-- Aim of the task --
Nothing beyond the line containing "大数据、人工智能、数字经济…" is to be printed; print exactly each line from the start of the records below through that line, leaving out pictures.

-- Source material --
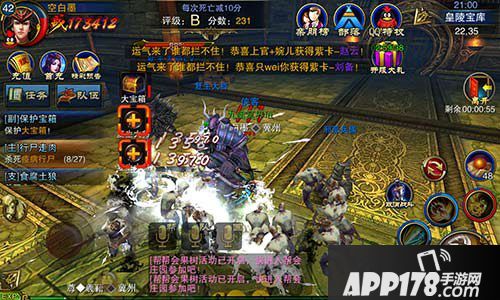 皇陵宝库主要任务是保护宝箱,在指定的时间保护宝箱不被破坏,在皇陵宝库中不同于皇陵密室和皇陵偏殿,玩家不止要对付小僵尸和老粽子,还会多出精英级别的复生大将,甚至还有BOSS等级的殇魔徐福,但是我们并不需要将其杀死,只要拖到时间结束即可获得奖励,但将其杀死可以获得更高的奖励。
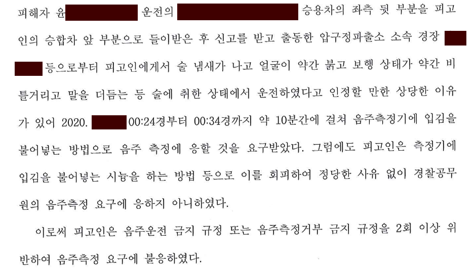 그런런데 의뢰인은 2020. 8.에 또 다시 음주운전을 하다가 신호대기 중인 차량의 후미를 추돌하는 사고를 발생시켰고, 출동한 경찰관에 의해 음주측정을 요구 받았으나 이미 수차례 음주운전으로 처벌받은 전력으로 인한 두려움 때문에 경찰관의 음주측정요구를 거부하는 잘못을 저지르고 말았습니다.
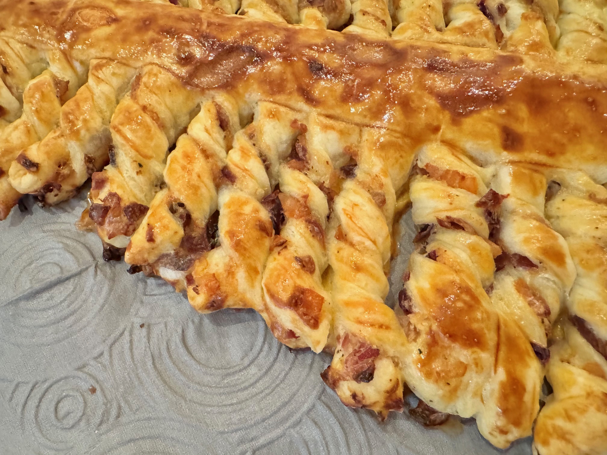 Ich kann nur sagen: SEHR LECKER. Und wenn Weihnachten vorbei ist, seid kreativ, schneidet und legt aus gefüllten Teigplatten Blumen oder Phantasieformen und bereichert Geburtstage, Grillfeste, was auch immer.
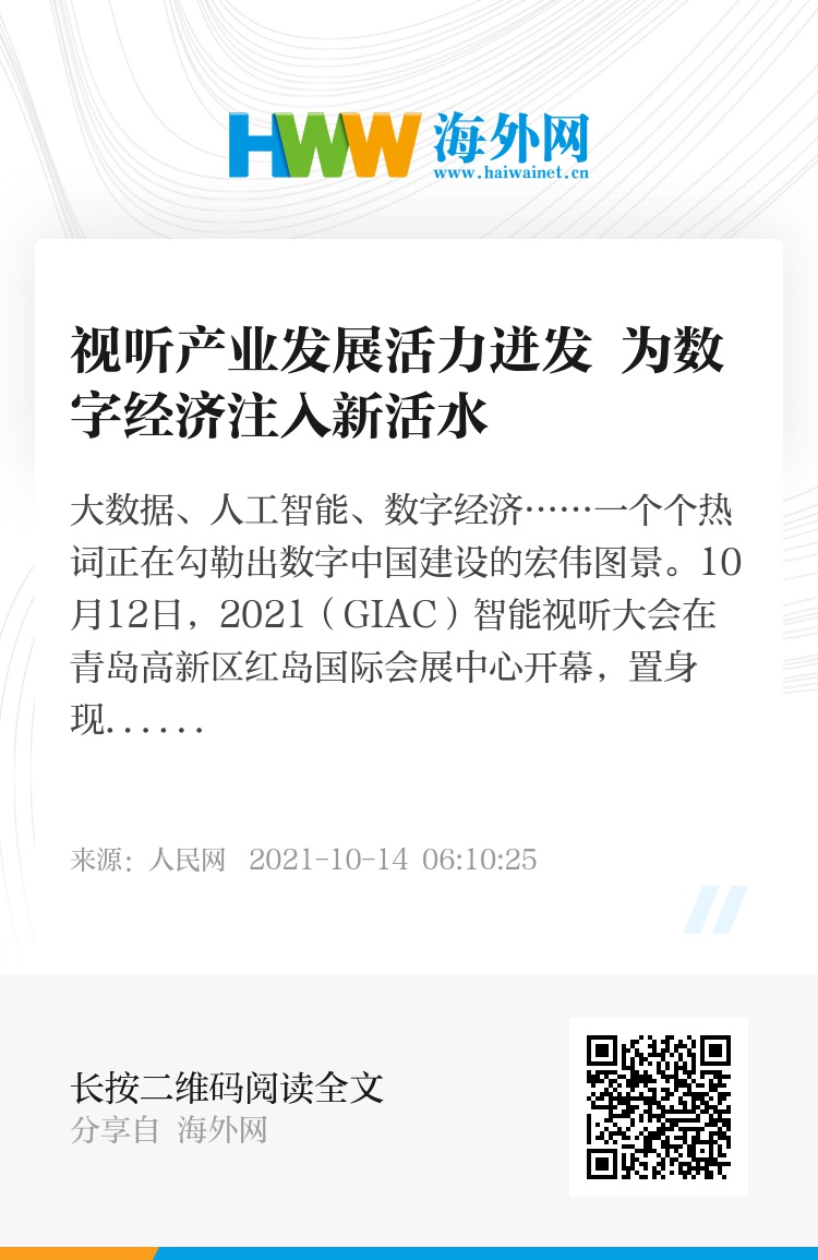 大数据、人工智能、数字经济……一个个热词正在勾勒出数字中国建设的宏伟图景。10月12日,2021(GIAC)智能视听大会在青岛高新区红岛国际会展中心开幕,置身现场可以强烈地感受到,数字技术正以新理念、新业态、新模式全面融入,给人们的生产生活带来广泛而深刻的影响。
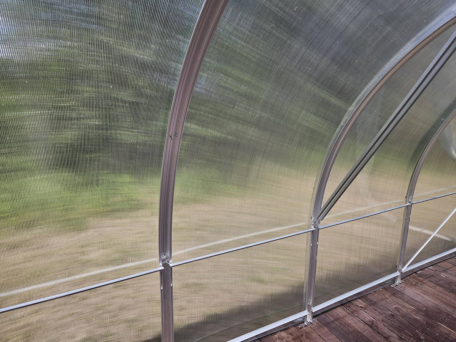 Konstrukce skleníku je sešroubována ze silných hliníkových profilů (masivní 1 mm silný a 65 mm široký eloxovaný hliníkový profil) a doplněna prémiovým komůrkovým polykarbonátem s UV filtrem od britské firmy BRETT MARTIN s prodlouženou smluvní zárukou 10 let na nerozbitnost polykarbonátu krupobitím. Tato kombinace dělá ze skleníků řady VITAVIA BOHEMY jeden nejkvalitnějších a současně na montáž nejjednodušších skleníků na českém trhu. Jednotlivé profily se vzájemně sešroubují a po jejich sestavení vznikne velmi stabilní oblouková konstrukce bez nutnosti stavby skleníkové podezdívky. Skleník je vybaven kotvami přímo do země. Montáž skleníku zvládnete svépomocí ve dvou až třech osobách. V půdě se zahradní skleník upevňuje zakopáváním patek konstrukce do země, případně jejich zalitím do betonu (doporučujeme).
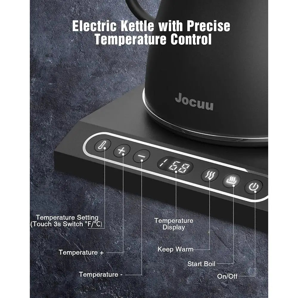 About this item Electric Kettle with Temperature Control: Brew your beverage at the temperature with Jocuu gooseneck electric kettle. Its temperature control ranges from 113°F-212°F and is adjustable by one degree for crafting your coffee or tea with precision Quick Heating and 4-Fold Safety Protection: The electric kettle operates at 1200W, boils water in 1-3 minutes, and automatically shuts off once the water reaches the set temperature. Its leak-proof design and additional safety features like the NTC temperature sensor and boil-dry function allows the tea kettle to turn off when the water in it dries out completely Keep Warm and Memory Function: Jocuu pour-over kettle lets you track the real-time temperature of your beverage on the LED panel and its Keep Warm Function maintains it for up to 120 minutes. The tea maker with memory function, remembers and maintains the preset temperature you selected last time for brewing the same taste every time Cordless Kettle with Leak-Proof Design: Designed in California, the electric kettle for boiling water features precision pours spout, designed for optimal pour-over flow rate, giving you total control over the speed and direction of the stream with no drip back. For a cordless pour, you can easily operate the water kettle with one hand by detaching it from the base Durable Performance: Rejuvenate yourself with the purest taste of every beverage, 304 stainless steel tea kettle.
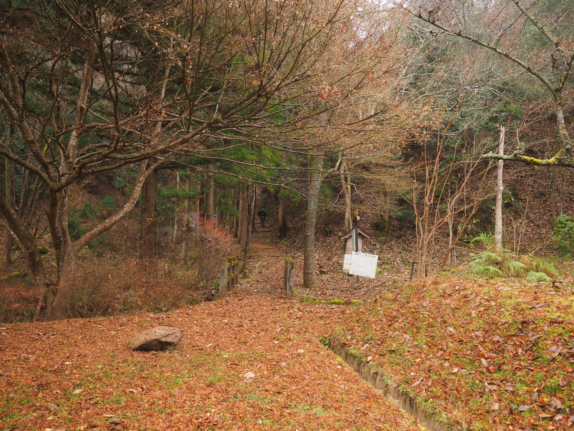 出石町の町を抜け林道を約一キロ少し走ると、道のどんつきに東屋が目に止ります。
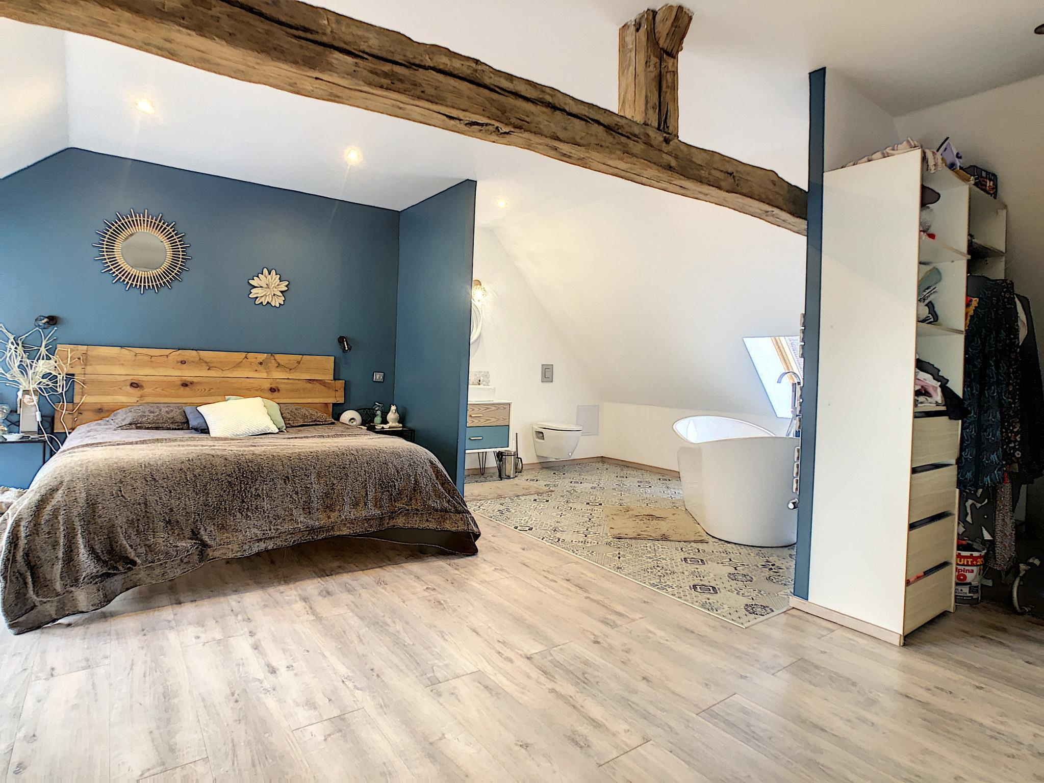Maison de ville rénovée comprenant entrée sur couloir, salon-séjour avec conduit de cheminée, cuisine aménagée équipée, bureau, toilettes, à l'étage: pièce dressing, deux chambres, salle d'eau avec toilettes, et second: suite parentale (chambre, salle de bains, toilettes, dressing) en annexe: cour, cave voutée, appentis, le tout sur une parcelle de 126 m² environ.
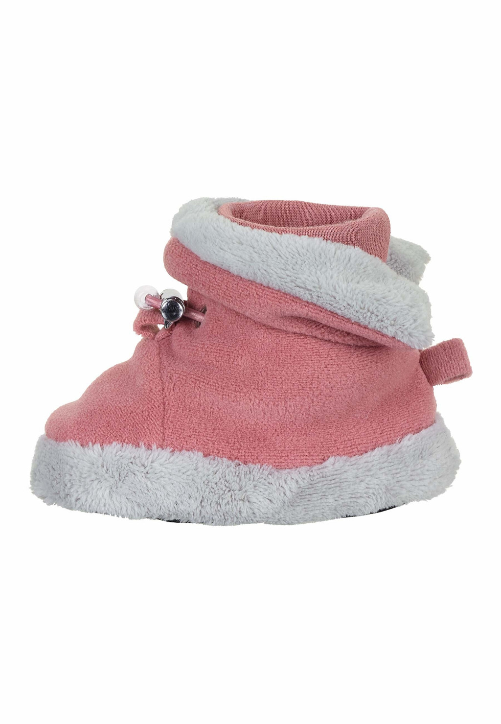 A babacipő mikropolár anyagból készült és kellemes pamut polárral bélelték. Az elasztikus anyagból készült pamut bújós mandzsetta és a zsinórdugó jó tartást és illeszkedést biztosít a kis lábaknak. A csúszásmentes talpnak köszönhetően babája megteheti az első lépéseit melletted.

-- Response below --
 皇陵宝库主要任务是保护宝箱,在指定的时间保护宝箱不被破坏,在皇陵宝库中不同于皇陵密室和皇陵偏殿,玩家不止要对付小僵尸和老粽子,还会多出精英级别的复生大将,甚至还有BOSS等级的殇魔徐福,但是我们并不需要将其杀死,只要拖到时间结束即可获得奖励,但将其杀死可以获得更高的奖励。
 그런런데 의뢰인은 2020. 8.에 또 다시 음주운전을 하다가 신호대기 중인 차량의 후미를 추돌하는 사고를 발생시켰고, 출동한 경찰관에 의해 음주측정을 요구 받았으나 이미 수차례 음주운전으로 처벌받은 전력으로 인한 두려움 때문에 경찰관의 음주측정요구를 거부하는 잘못을 저지르고 말았습니다.
 Ich kann nur sagen: SEHR LECKER. Und wenn Weihnachten vorbei ist, seid kreativ, schneidet und legt aus gefüllten Teigplatten Blumen oder Phantasieformen und bereichert Geburtstage, Grillfeste, was auch immer.
 大数据、人工智能、数字经济……一个个热词正在勾勒出数字中国建设的宏伟图景。10月12日,2021(GIAC)智能视听大会在青岛高新区红岛国际会展中心开幕,置身现场可以强烈地感受到,数字技术正以新理念、新业态、新模式全面融入,给人们的生产生活带来广泛而深刻的影响。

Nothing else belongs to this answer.